Mistakes made during World War II, however, sowed the seeds of today's instability. He cited the founding of the United Nations, the formation and subsequent abandonment of Israel and the U.S. allowing Iran to take over oil wells in 1951 as causes for fueling terrorism and lawlessness in the area.

"America is allowing the Middle East to be taken over by barbarians who deny everyone else rights," Lewis said. "If you let that bully take your lunch Thursday, how many bullies will be lined up on day two? This indicates just how weak and pathetic the U.S. foreign policy had become."

Lewis listed an eruption of terrorist attacks from the kidnapping and eventual killing of Israeli athletes at the 1972 Olympics, the bombing of Pan Am Flight 103 over Lockerbie, Scotland and the Iran hostage crisis in the mid-1980s and said they could have been prevented if the United States had taken action.
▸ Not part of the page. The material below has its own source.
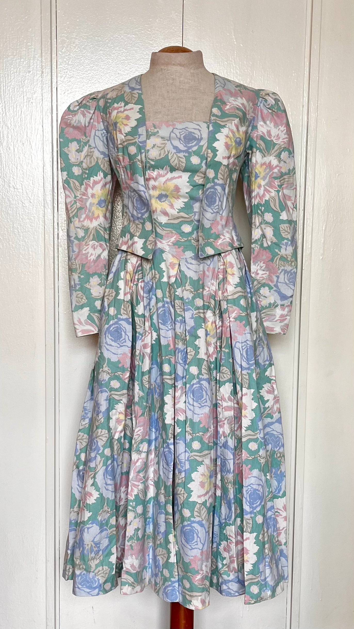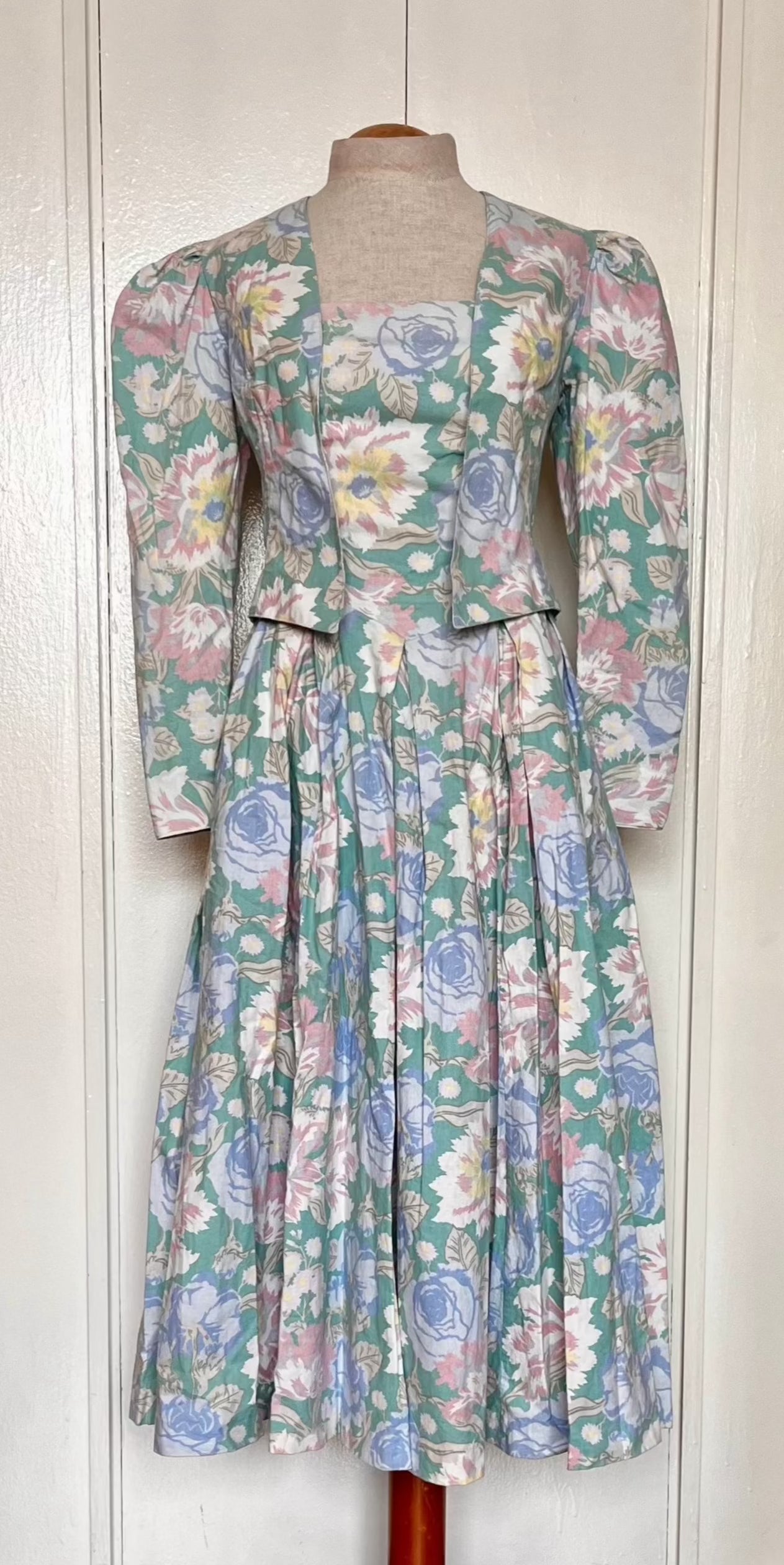 Vintage 1980’s Laura Ashley Jacket & Dress Set: Long Mutton Sleeve Open Jacket w/ Strapless Midi Dress in Green w/ Blue & Pink Flowers
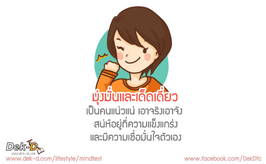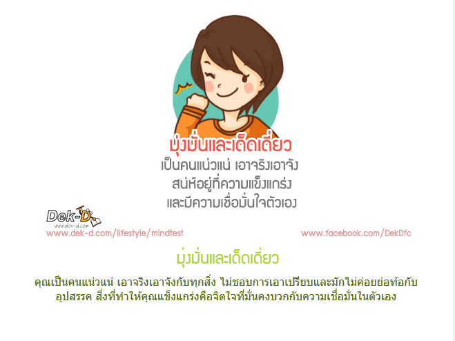 ผลลัพธ์ตรงกับนิสัยของน้องๆ ชาว Dek-D.com กันบ้างหรือเปล่า กระซิบสักนิดว่าลองเอาไปถามเพื่อนหรือคนใกล้ตัวกันนะจ๊ะ เผื่อจะได้รู้จักนิสัยกันมากขึ้น แล้วอย่าลืมเอาคำตอบมาบอกกันบ้างนะจ๊ะ บ๊ายบาย

He said the United States would have to take decisive and planned action against terrorism if it hopes to stop it.

"The most important first step is to learn that America has failed to act - we didn't understand that we had a fundamental right to protect our interests and those of individuals around the world," he said.

The event was billed as the semester's introductory meeting for the UNM Objectivist Society.

Founder Ryan Molecke called the group's philosophy radical capitalism.

"It's based on reason, the ethics of enlightened self-interest or egoism," he said. "We would argue that reason is the only means of gaining knowledge."